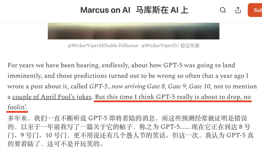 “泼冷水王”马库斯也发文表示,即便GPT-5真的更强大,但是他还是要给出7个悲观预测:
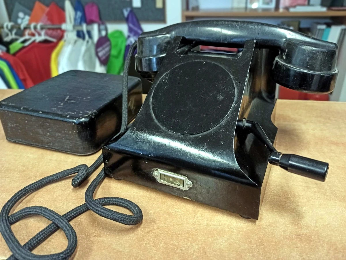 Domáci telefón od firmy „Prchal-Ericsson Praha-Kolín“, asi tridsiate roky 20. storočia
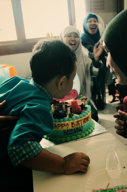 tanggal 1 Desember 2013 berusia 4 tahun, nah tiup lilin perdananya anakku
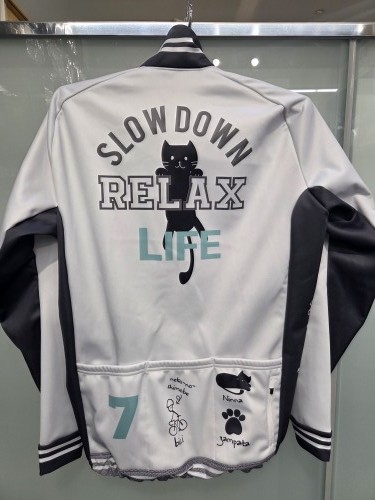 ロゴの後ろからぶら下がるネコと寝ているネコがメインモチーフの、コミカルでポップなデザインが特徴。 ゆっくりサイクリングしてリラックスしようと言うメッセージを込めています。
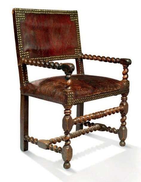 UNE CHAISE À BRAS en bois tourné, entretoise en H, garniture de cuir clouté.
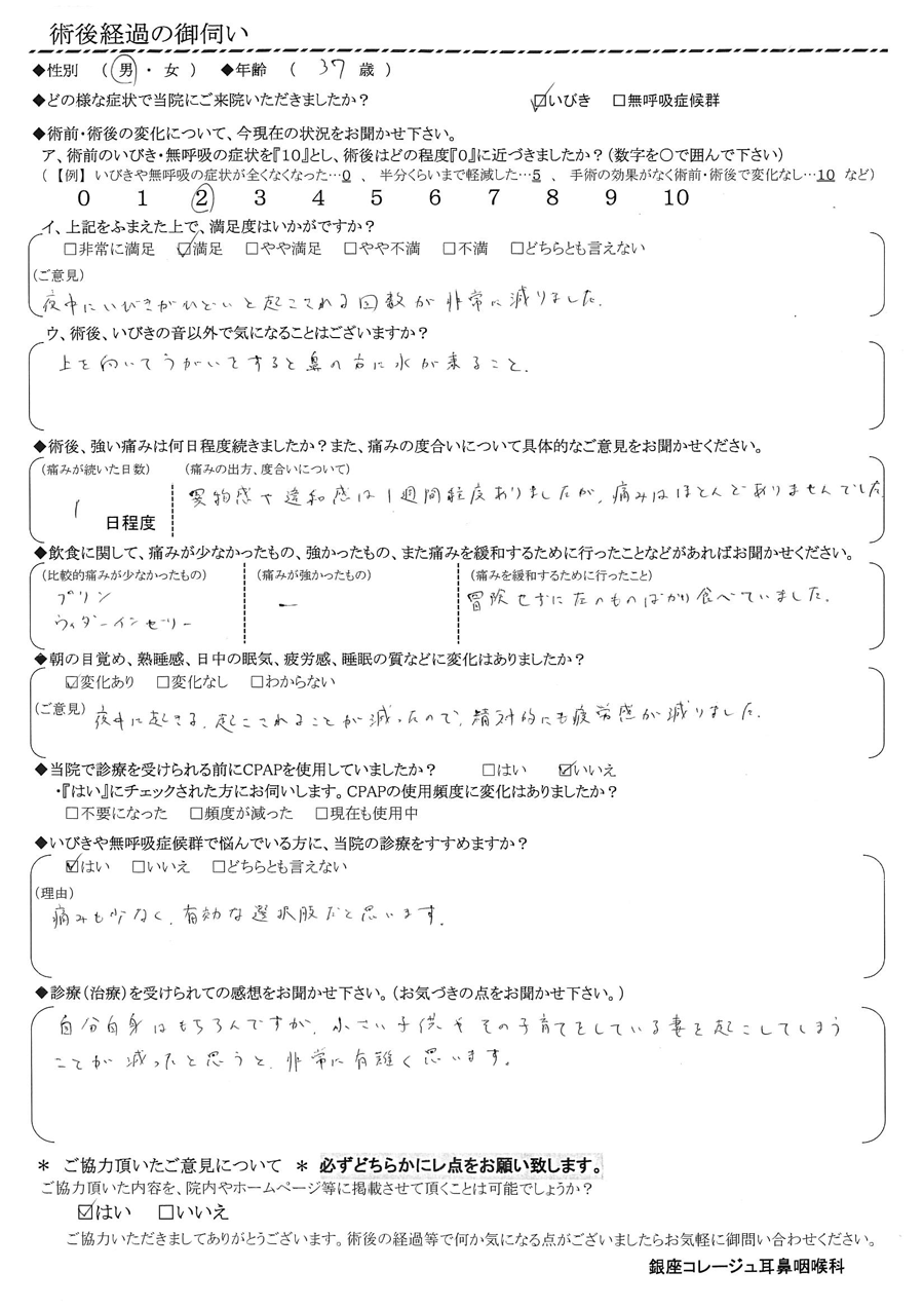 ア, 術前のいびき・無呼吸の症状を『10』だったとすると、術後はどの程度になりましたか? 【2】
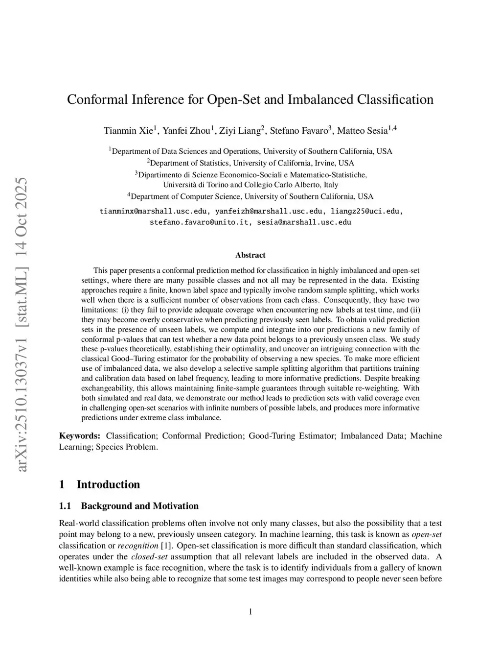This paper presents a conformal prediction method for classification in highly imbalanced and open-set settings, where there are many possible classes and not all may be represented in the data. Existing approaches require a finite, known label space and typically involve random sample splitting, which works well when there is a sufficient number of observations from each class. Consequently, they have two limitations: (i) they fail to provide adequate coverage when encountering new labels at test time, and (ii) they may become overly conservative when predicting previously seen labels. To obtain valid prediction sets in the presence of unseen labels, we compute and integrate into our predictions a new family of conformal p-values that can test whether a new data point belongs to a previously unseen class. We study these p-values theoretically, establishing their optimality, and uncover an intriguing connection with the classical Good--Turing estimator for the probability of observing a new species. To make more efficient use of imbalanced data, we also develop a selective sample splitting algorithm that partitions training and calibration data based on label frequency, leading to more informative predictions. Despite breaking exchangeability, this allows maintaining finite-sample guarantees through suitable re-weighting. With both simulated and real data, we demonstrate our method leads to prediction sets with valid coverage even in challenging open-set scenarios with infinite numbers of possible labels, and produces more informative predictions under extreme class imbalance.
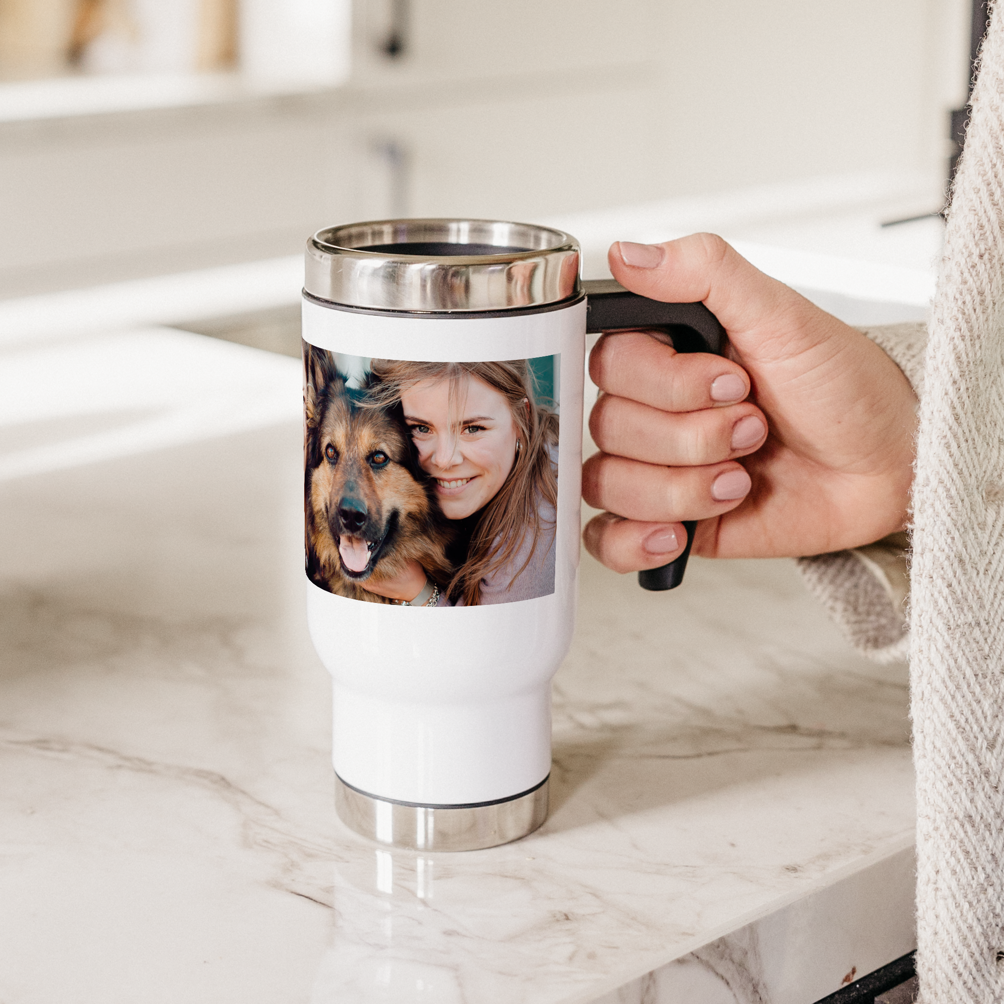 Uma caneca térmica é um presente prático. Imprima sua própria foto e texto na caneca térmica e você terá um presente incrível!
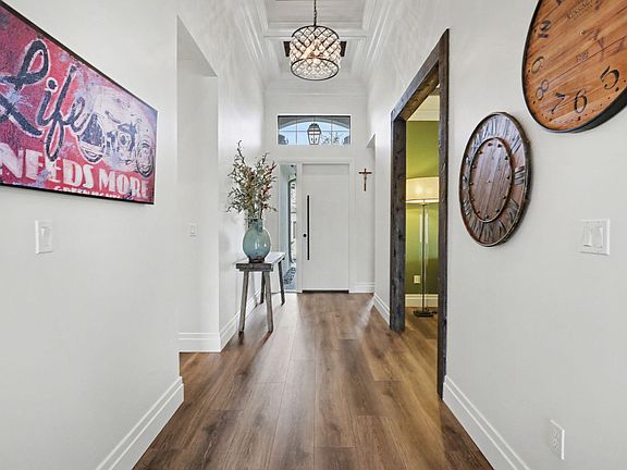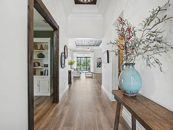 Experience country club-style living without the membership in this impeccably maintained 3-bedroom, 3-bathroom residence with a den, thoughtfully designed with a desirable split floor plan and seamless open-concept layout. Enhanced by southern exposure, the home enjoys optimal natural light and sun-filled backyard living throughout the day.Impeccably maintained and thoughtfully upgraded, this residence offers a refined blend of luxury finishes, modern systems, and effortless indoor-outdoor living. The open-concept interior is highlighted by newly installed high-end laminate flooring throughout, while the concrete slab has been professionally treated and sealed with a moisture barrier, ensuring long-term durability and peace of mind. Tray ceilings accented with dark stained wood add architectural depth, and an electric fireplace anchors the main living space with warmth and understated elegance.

...

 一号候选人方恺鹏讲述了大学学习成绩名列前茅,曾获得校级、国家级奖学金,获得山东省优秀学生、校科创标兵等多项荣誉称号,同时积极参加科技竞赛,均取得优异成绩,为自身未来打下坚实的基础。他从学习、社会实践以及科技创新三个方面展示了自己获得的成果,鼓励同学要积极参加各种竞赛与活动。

| Task statement |
What you write out is the stretch of entries from the line containing "UNE CHAISE À" to the line containing "ア, 術前のいびき・無呼吸の症状を『10』だったとすると、術後はどの程度になりましたか? 【2】", word for word, with both end lines and no pictures.

| Solution |
 UNE CHAISE À BRAS en bois tourné, entretoise en H, garniture de cuir clouté.
 ア, 術前のいびき・無呼吸の症状を『10』だったとすると、術後はどの程度になりましたか? 【2】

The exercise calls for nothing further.